Reducing RAG Pipeline Latency for Real-Time Voice Conversations
Published on November 1, 2024

TL;DR

This article explores methods to reduce latency in Retrieval Augmented Generation (RAG) systems, particularly in real-time voice interactions for applications in customer service/support.


Introduction

With the adoption of Retrieval Augmented Generation (RAG), many organizations find it easier to access the generative capabilities of Large Language Models (LLMs) without resorting to expensive or complex modes of training, such as pre-training, fine-tuning, RLHF, or adapters. RAG enables organizations to build knowledge bases containing vast amounts of information and retrieve only the relevant parts, providing LLMs with a comprehensive answer without incorporating the information directly into the LLM.

What is RAG?

In RAG, a model retrieves relevant documents or information from a large database and then generates a response using that retrieved information. RAG typically uses a two-part system: a retriever and a generator. The retriever searches for relevant documents or passages based on a query, often using methods like sparse, dense, and hybrid retrieval, with semantic (vector-based) search being commonly used for fast and contextually accurate results. The generator (often a model like GPT) synthesizes the retrieved information to generate the final response. This enables the model to provide more accurate and factually correct answers.
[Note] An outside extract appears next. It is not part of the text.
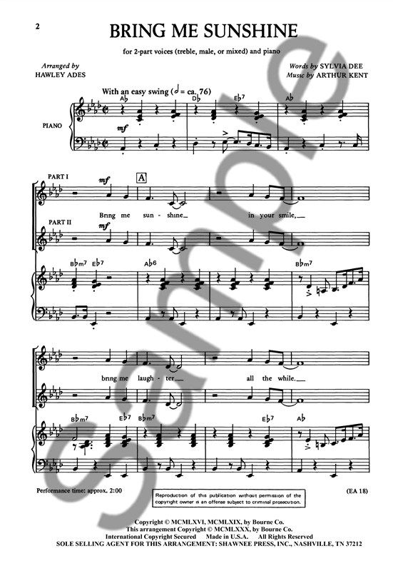 The unforgettable Bring Me Sunshine arranged for SA voices, ideal for school choirs.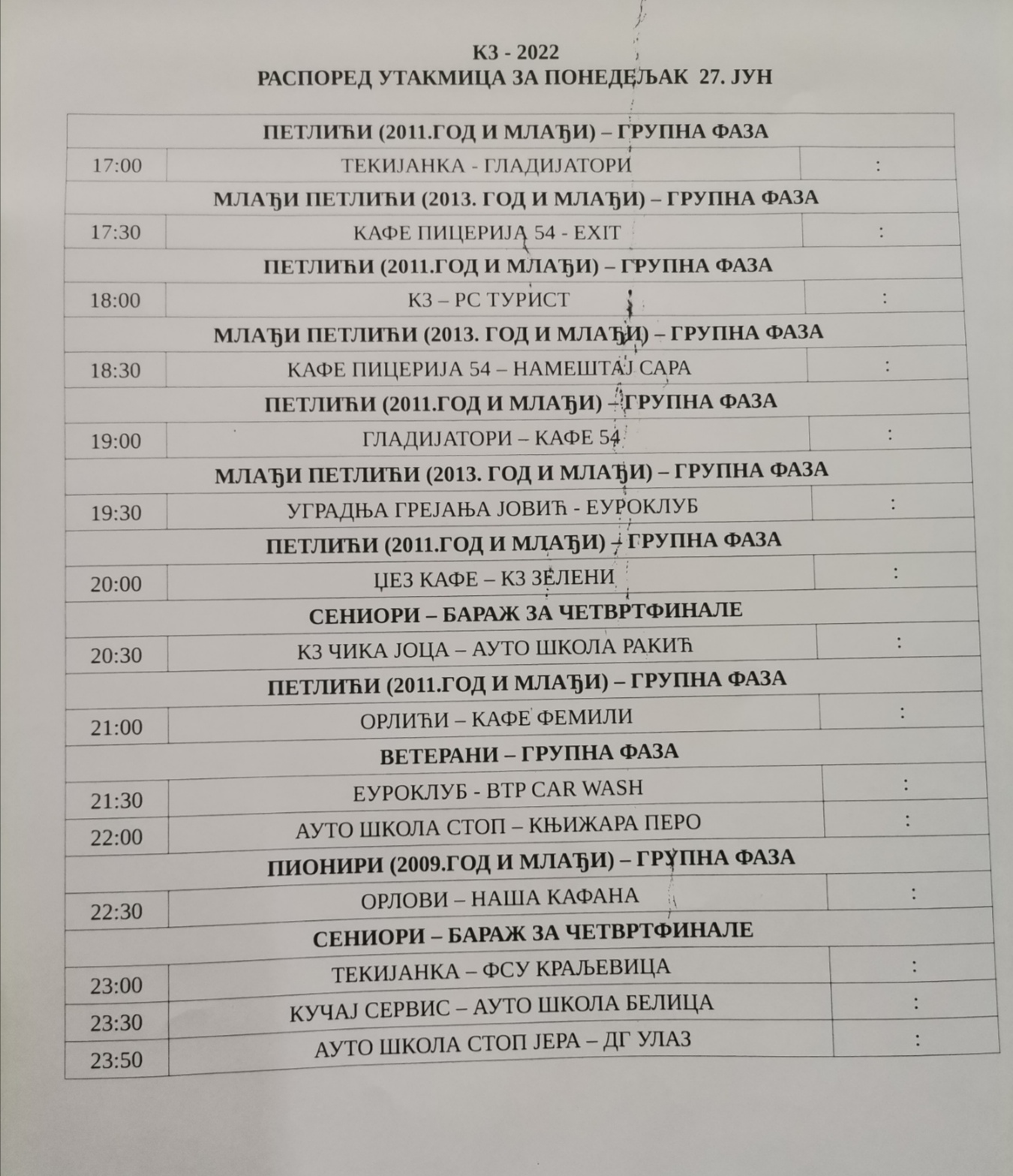 Већ у понедељак 27. јуна на програму је 15 утакмица, после којих ће неке ствари бити јасније на Меморијалном турниру „Јоца Михаиловић – К3“ у зајечарском насељу Кључ III. Ево и свих парова:

Two of the most popular use cases for RAG are:

  1. Customer Service: Exposing a business's external/internal information in a conversational format using virtual agents/assistants/chatbots for end-users and automating FAQs and Q&A modules, resulting in a high containment rate.

  2. Enterprise Search: Making private organizational information searchable and providing more precise answers by connecting to data sources such as Google Drive, Confluence, JIRA, Zendesk, websites, static files, etc.
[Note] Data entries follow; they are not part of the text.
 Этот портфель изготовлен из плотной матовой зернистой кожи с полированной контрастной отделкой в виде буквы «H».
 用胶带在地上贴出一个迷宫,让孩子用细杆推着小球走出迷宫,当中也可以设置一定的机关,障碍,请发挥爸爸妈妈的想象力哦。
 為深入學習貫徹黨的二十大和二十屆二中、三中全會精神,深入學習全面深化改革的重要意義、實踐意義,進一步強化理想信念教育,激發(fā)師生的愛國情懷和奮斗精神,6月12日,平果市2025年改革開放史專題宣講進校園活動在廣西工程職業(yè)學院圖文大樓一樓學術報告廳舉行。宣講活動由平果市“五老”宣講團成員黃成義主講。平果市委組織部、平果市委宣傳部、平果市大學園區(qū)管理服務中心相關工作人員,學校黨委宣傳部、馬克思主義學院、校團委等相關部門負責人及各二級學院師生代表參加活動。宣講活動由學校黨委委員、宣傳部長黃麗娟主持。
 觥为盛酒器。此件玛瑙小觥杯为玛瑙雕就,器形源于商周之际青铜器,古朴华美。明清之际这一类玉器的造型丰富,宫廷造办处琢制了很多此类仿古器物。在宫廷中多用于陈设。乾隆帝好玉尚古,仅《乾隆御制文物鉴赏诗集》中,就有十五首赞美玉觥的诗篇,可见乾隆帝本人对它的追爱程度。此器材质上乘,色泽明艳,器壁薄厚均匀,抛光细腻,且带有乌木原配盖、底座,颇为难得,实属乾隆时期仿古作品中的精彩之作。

Voice and Acceptable Conversational Latency

When using RAG for customer service, information retrieval or conversations with LLMs typically occur on voice or digital channels (such as the web, WhatsApp, SMS, etc.). Latency is a critical factor in real-time communications, as it can significantly impact the quality and effectiveness of the conversation. In real-time communication, latency refers to the delay between when a sound is produced by the speaker and when it is heard by the listener.

The voice channel has a low tolerance for latency, and the ITU-T (International Telecommunication Union's Telecommunication Standardization Sector) recommends a a one-way latency of 100ms for interactive tasks and 150ms for conversational use cases involving humans on both ends. Digital channels generally have higher tolerance levels compared to voice channels. This article specifically analyzes voice channel latency when using RAG for human-to-virtual assistant/agent/chatbot interactions.

Achieving a one-way latency of 150ms is almost impossible with a RAG-like architecture where several components are involved in voice processing. However, near real-time experiences can be achieved with the correct optimization of voice processing logic and AI models. The end-users of virtual assistants/agents/chatbots are more delay-tolerant compared to human-to-human conversations, which are highly sensitive to latency.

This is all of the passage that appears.